The major criticism of corporations is the Divisions between labor, management, and owners. Adam Smith explains:

The directors of such [joint-stock] companies, however, being the managers rather of other people’s money than of their own, it cannot well be expected, that they should watch over it with the same anxious vigilance with which the partners in a private copartnery frequently watch over their own…. Negligence and profusion, therefore, must always prevail, more or less, in the management of the affairs of such a company.

This same criticism applies to government. Government officials spend other people’s money and, as a result, “it cannot well be expected, that they should watch over it with the same anxious vigilance” as which they would spend their own. But there remains a major difference between government and corporations. Corporations only have money to spend if people voluntarily give them money. Either investors must give the corporation funds to expand their business or customers must purchase products from the company. If neither of the two occur, corporations have no money to spend. On the other hand, nobody voluntarily gives money to the government. Government forcibly takes money from a country’s citizens with the threat of imprisonment if taxes are evaded. In theory, the people control the government through the election process, but that would be just as true when it comes to corporation in which shareholders elect the Board of Directors. In both cases, there is a division between the people who are supposed to be represented and the managers of the corporation/government. Yet, the distinction between the two remains: corporations must earn their revenue whereas government simply takes it by threatening to use force.

Another argument is that corporations are anti-democratic:

Chomsky contends that corporations transfer policy decisions out of the hands of the people and into corporate boardrooms, where public oversight is limited. The extensive financial resources of corporations and the extent to which they’re employed to influence political campaigns in the United States has also been implicated as a way in which corporations undermine the democratic institutions in a society[6].

By extension, the large government bureaucracy transfers “policy decisions out of the hands of the people and into” unelected government agencies “where public oversight is limited.” Again, a major difference remains.

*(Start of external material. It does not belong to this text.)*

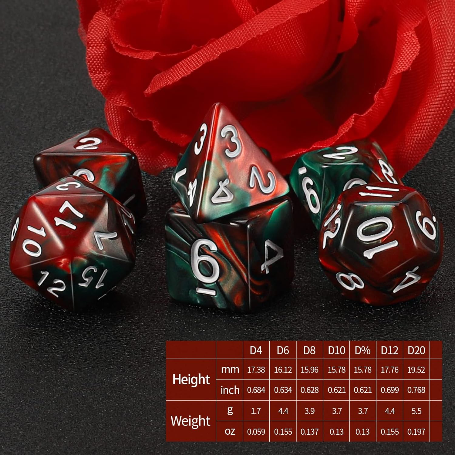 QMAY DND Dice Set - Polyhedral Dice (Red Mix Green) 7 Pcs for Dungeon and Dragons D&D RPG Role Playing Games Dice with Dice Bag
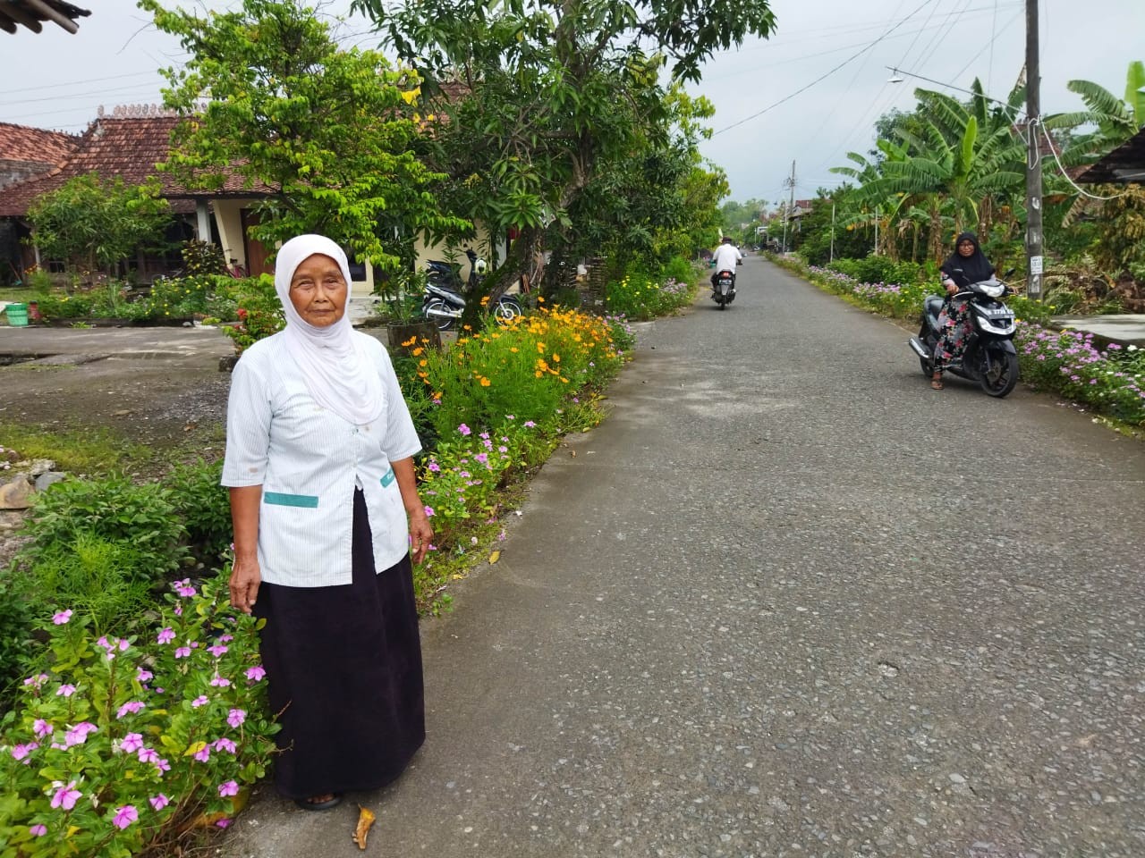 Beliau dengan ikhlas mencabuti rumput dan tanaman-tanaman liar yang mengganggu pemandangan jalan desa dan juga menanam bunga-bunga yang indah di lingkungannya.

Corporate heads can be fired by the Board of Directors and the Board of Directors can be fired by the shareholders. Additionally, corporations must “do good” in order to stay in existence. If they don’t sell product, the corporation will go bankrupt. On the other hand, government bureaucrats largely work in secret in which the shareholders (the country’s citizens) do not even know of the bureaucrat’s existence. Furthermore, government agencies that underperform do not go out of business. Instead, they request even more money from the government, which they claim they need in order to properly carry out their duties.

As a result, the government acts even more like a corporation than actual corporations do and without the requirement of actually providing something. Worse yet, government is much larger than any corporation can ever be. Throughout history, liberals complained about a number of corporate monopolies. Yet, government is much larger than any corporation and a real anti-monopolist would attack government for its monopolistic control of our health care system, defense, retirement funds, and education system.